BRIEF COMMUNICATIONS

PULMONARY THROMBOENDARTERECTOMY FOR THE TREATMENT OF PULMONARY EMBOLISM CAUSED BY RENAL CELL CARCINOMA

Patrick Paw, MD, Stuart W. Jamieson, MB, FRCS


San Diego, Calif.

From the Division of Cardiothoracic Surgery, University of California San Diego Medical Center, 200 West Arbor Dr., San Diego, Calif.

Received for publication Dec. 2, 1996. Accepted for publication Jan. 23, 1997. Address for reprints: Stuart W. Jamieson, FRCS, Department of Cardiothoracic Surgery, UCSD Medical Center, 200 West Arbor Dr., No. 8892, San Diego, CA 92103-8892.

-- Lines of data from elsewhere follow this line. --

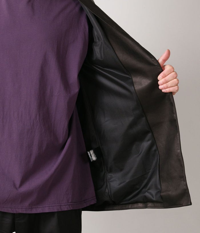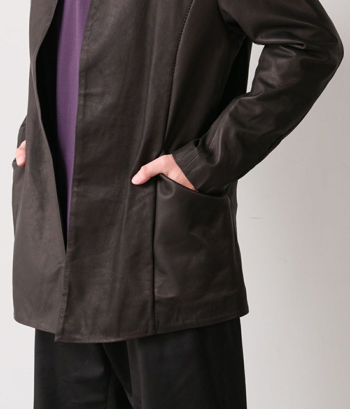 国内の牛原皮を使用し、ソフト鞣しの後、仕上げは顔料を一切使わずに染料のみで染革したRIPオリジナルレザー。とにかく馴染みやすい革で、着用する度に程良い微光沢が生まれるのも人気の特徴。ネック裏からアームに沿ってのステッチもワンポイントで◎
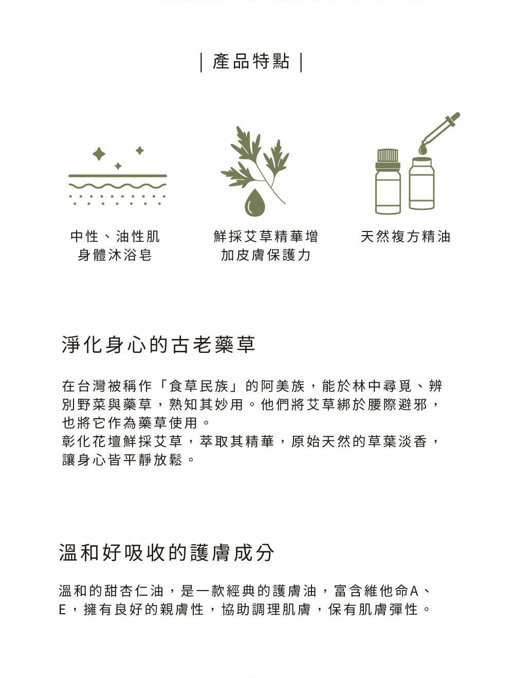 • 萃取彰化鮮採艾草之精華,增加皮膚保護力
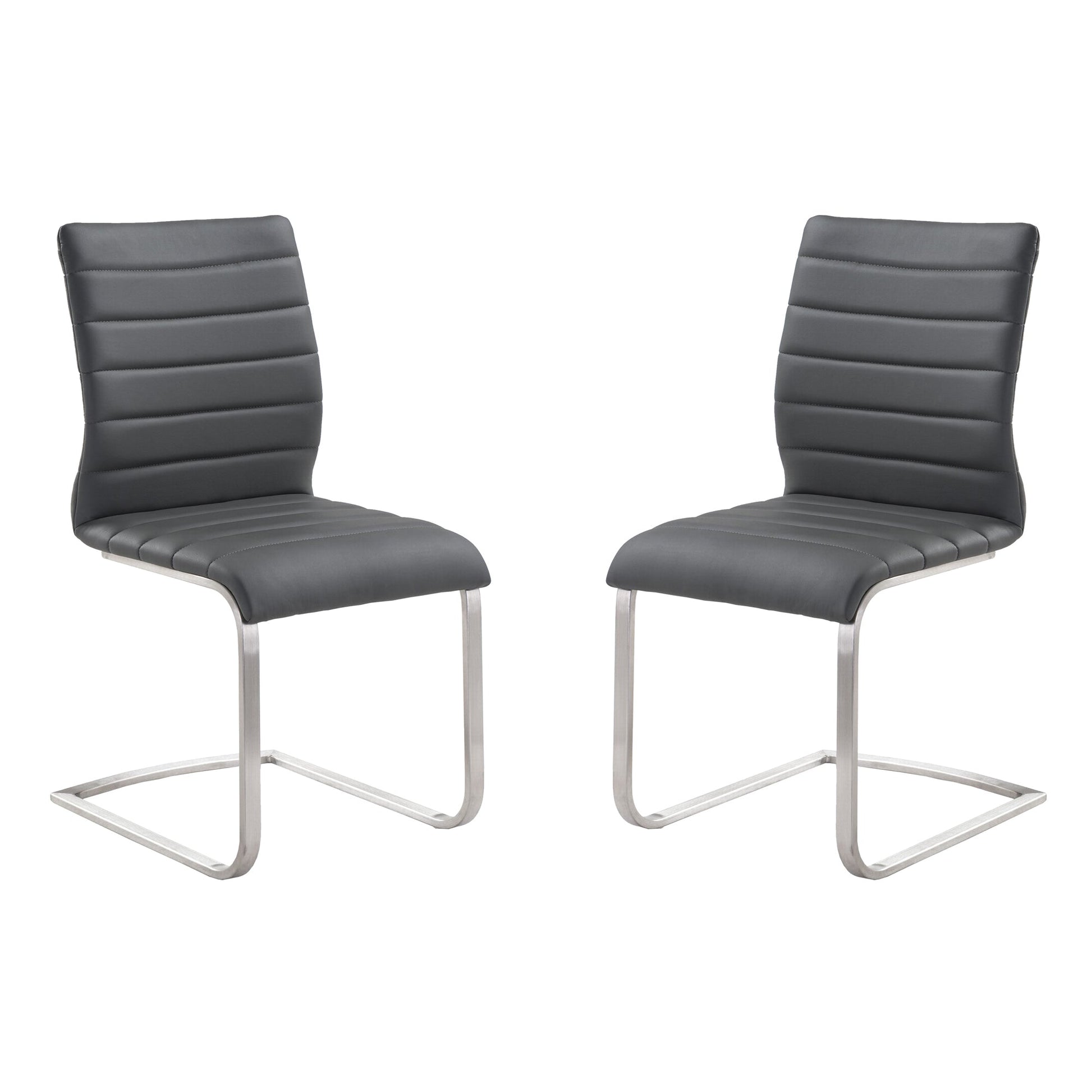 The Armen Living Fusion contemporary Set of 2 dining chairs are sure to be a standout in any modern household. The exquisite combination of brushed stainless steel and plush faux leather upholstery makes this chair both comfortable and dependable. The cantilever base with curved legs add a unique spin on the traditional dining chair design while the back and seat add an unmatched degree of luxury. The Fusion dining chair can be paired with the complementary Fusion dining table. This piece provides both versatile style and comfort with a Contemporary and Modern design that can easily be integrated into your home's current décor. The horizontal stitch padded seat with high density foam will provide you with all day comfort. The padded high back is ideal for posture alignment and an unmatched support for days on end. The foundation of the product is supported by stainless steel for a chic and stylish aesthetic without comprising practicality and functionality of this item. This product ships in one box with easy and quick set up. We stand by the quality, the craftsmanship and the integrity of our product by offer 1-year warranty for all our products. We want our customers enjoy our product and we will always be there to help with our top-notch customer service support. Excellent choice for a Modern, Contemporary and traditional Dining, living room or Kitchen setting. The Fusion dining chairs are available in white and gray leatherette/faux leather. Product Dimensions: 18"W x 22"D x 37"H
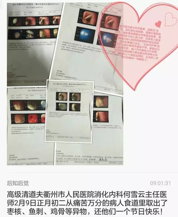??? 對(duì)于消化內(nèi)科醫(yī)生來說春節(jié)就是“農(nóng)忙季”,酒精中毒、消化道出血、重癥胰腺炎、食道異物等病危病重患者接踵而至;消化內(nèi)科、內(nèi)鏡中心的醫(yī)護(hù)人員共為9位患者在胃鏡下取出了棗核、雞骨頭、魚刺等異物,還他們一個(gè)快樂的節(jié)日。
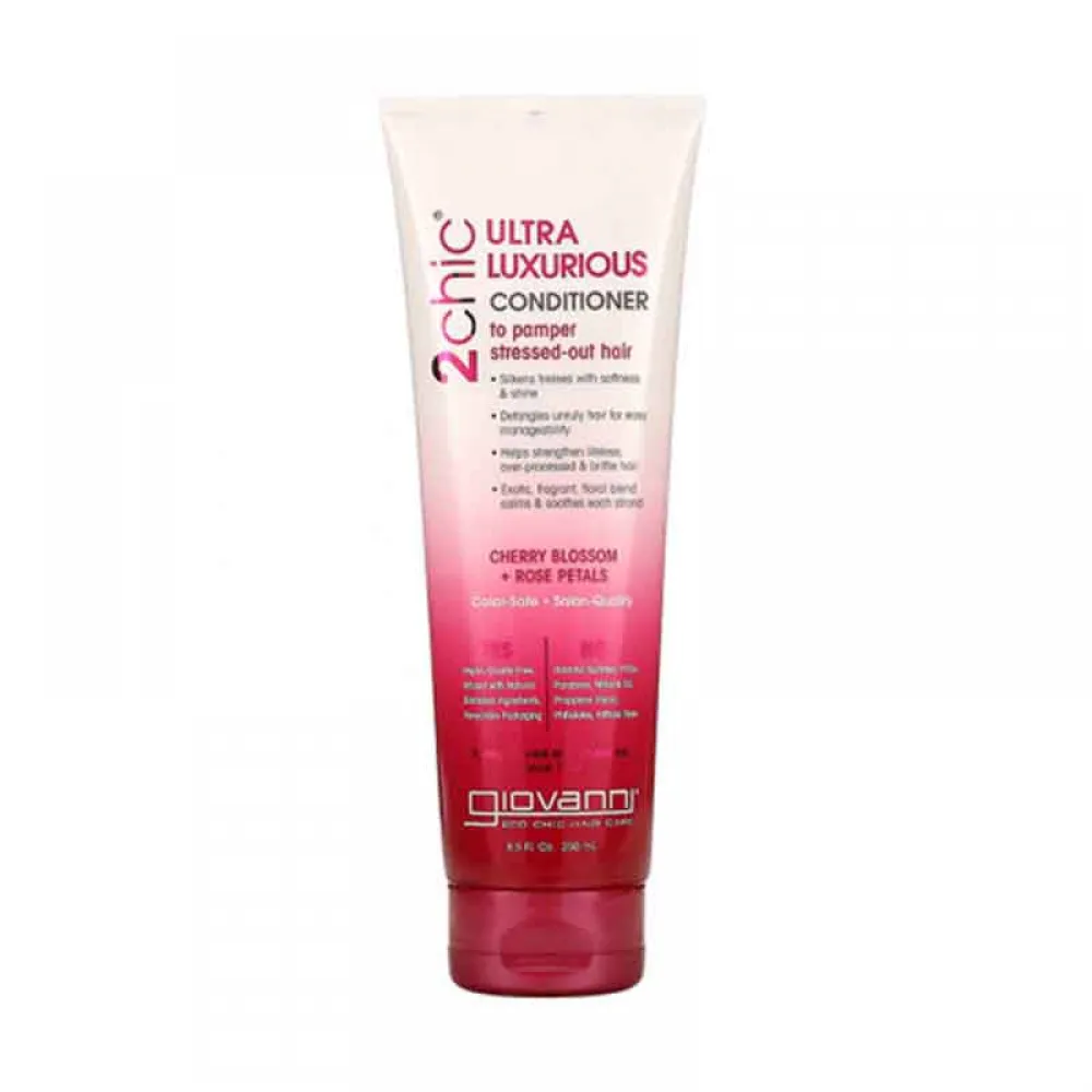 جيوفاني بلسم الترف الفائق بزهور الكرز وبتلات الورد 250 مل. بلسم فاخر يحمي الشعر المصبوغ، يرطب بعمق، ويمنح لمعانًا وحيوية. خالٍ من البارابين والكبريتات.
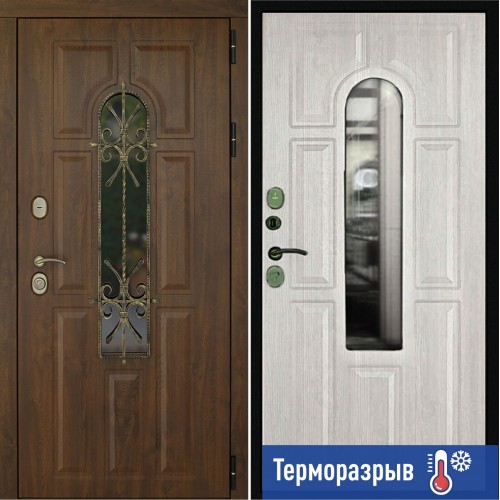 Надежная и долговечная входная конструкция оптимально подходит для установки на улице — в коттедже или частном доме за городом.
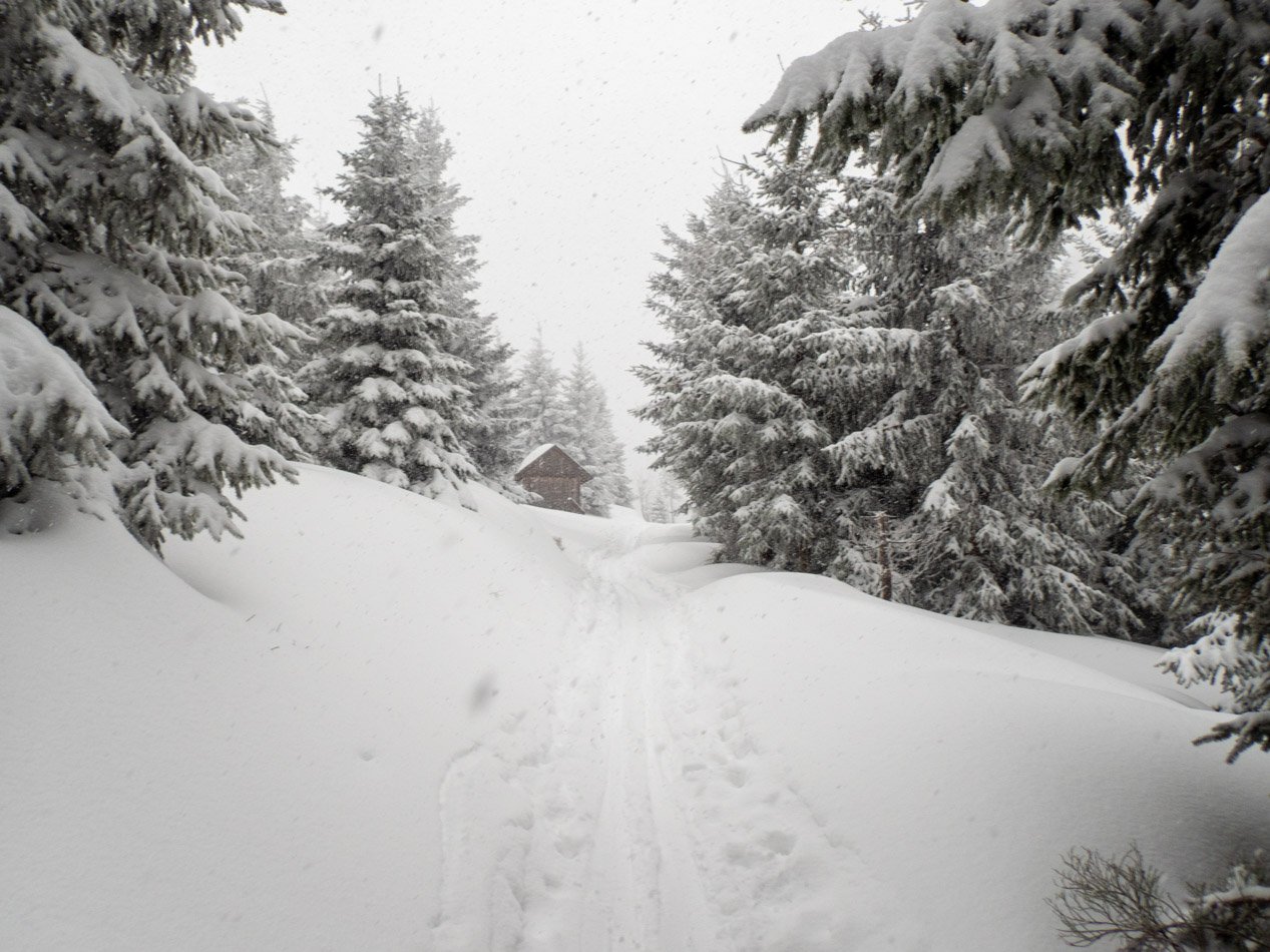Po většinu dne jemně ale celkem vydatně sněží, takže podmínky ve stopách by mohly být celkem slušné. I vzhledem k počasí tentokrát volíme oblíbenou klasiku, tedy směr Švýcárna. Bude-li něco dál, to se uvidí (nevidělo). V nástupu stopy se připravují na výpravu dvě děvčata, podle všeho celkem odvážné mladé ženy (podle vyprávění už alkohol můžou). Ve své výbavě mají plastové sněžnice ale hlavně na batohu připnutá prkna, tedy snowboardy. Než si vybalíme běžky jdou už napřed, s tím, že je beztak časem předjedeme.
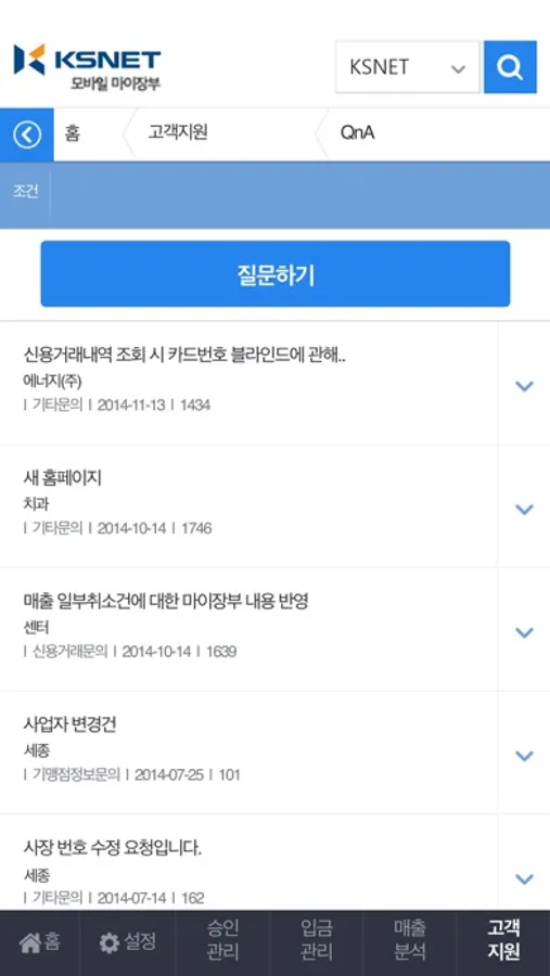 - 상세 메뉴 : 회원정보관리, 가맹점정보관리, 공지사항, Q&A
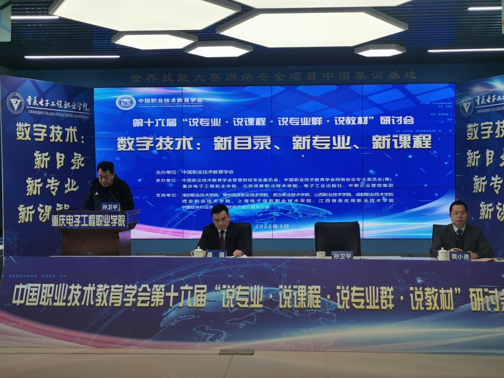 3月25-26日,我校承办中国职业技术教育学会第十六届“说专业·说课程·说专业群·说教材”研讨会。本次研讨会通过线上、线下相结合的方式进行。中国职业技术教育学会会长、教育部原副部长鲁昕,教育部职成司副司长谢俐,教育部教师工作司副司长宋磊,中国职业技术教育学会学术委员会顾问、中国科学院院士、西北工业大学柔性电子前沿科学中心首席科学家黄维,重庆市教育委员会一级巡视员邓沁泉,工业和信息化部人才交流中心党委书记、主任李学林,学会常务副会长、智慧财经专业委员会主任史薇,学会副会长、《国家职业分类大典》修订专家委员会首席专家、人力资源和社会保障部中国就业培训技术指导中心原党委书记陈李翔,中国职业技术教育学会科技成果转化工作委员会副主任兼秘书长、中国科学院计算技术研究所研究员田霖,重庆市教育委员会职成处处长吴岚等领导和专家与会。会议先后由校党委副书记、校长聂强教授,党委副书记龚小勇教授主持。

Chronic pulmonary embolism with pulmonary hypertension is optimally treated by bilateral pulmonary thromboendarterectomy with the use of cardiopulmonary bypass and profound hypothermic circulatory arrest.Go 1 With very few exceptions, chronic pulmonary embolism is a bilateral disease. However, we recently performed a unilateral pulmonary thromboendarterectomy with exploration of the contralateral side for a patient with a chronic pulmonary embolus after a right nephrectomy for renal cell carcinoma.

Clinical summary

The patient is a previously healthy 40-year-old man who was referred for the evaluation and treatment of pulmonary hypertension. Three months earlier he had had chest pain and severe dyspnea on exertion. A ventilation/perfusion scan revealed the absence of perfusion to the entire left lung, with a few areas of subsegmental defects in the right lower lobe. He was initially treated with intravenous streptokinase, but this was discontinued because of a toxic reaction. After systemic anticoagulation, a computed tomographic scan of the abdomen and pelvis revealed a large renal tumor impinging on the inferior vena cava. A cardiac echocardiogram demonstrated normal left ventricular wall function with no evidence of a right atrial or ventricular mass, a lower extremity duplex scan showed no deep venous thrombosis, magnetic resonance imaging of the head showed no abnormalities, and results of a bone scan were negative.

A right nephrectomy was performed. Pathologic examination showed a renal cell carcinoma with invasion into the renal vein. Lymph nodes were not diseased. The patient was transferred to our medical center for further diagnostic workup. He still had severe dyspnea on exertion. A second ventilation/perfusion scan confirmed the lack of perfusion to the left lung. Results of pulmonary function tests were consistent with a mild restrictive defect (diffusing capacity for carbon monoxide of 21.5 or 65%, total lung capacity of 5.59 L or 79%, and normal flow rates). Blood gases with the patient breathing room air were 7.38/83/39 with no desaturation during exercise.

Preoperative catheterization of the right side of the heart demonstrated normal right-sided pressures at rest and a marginally elevated pulmonary vascular resistance (162 dynes · sec · cm5). With exercise, the pulmonary artery pressure increased to 50/15 mm Hg (mean 30 mm Hg). A pulmonary arteriogram demonstrated complete occlusion of the left main pulmonary artery with normal flow to the right lung (Fig. 1). Pulmonary angioscopy revealed a reddish-gray intraluminal lesion occluding the left main pulmonary artery.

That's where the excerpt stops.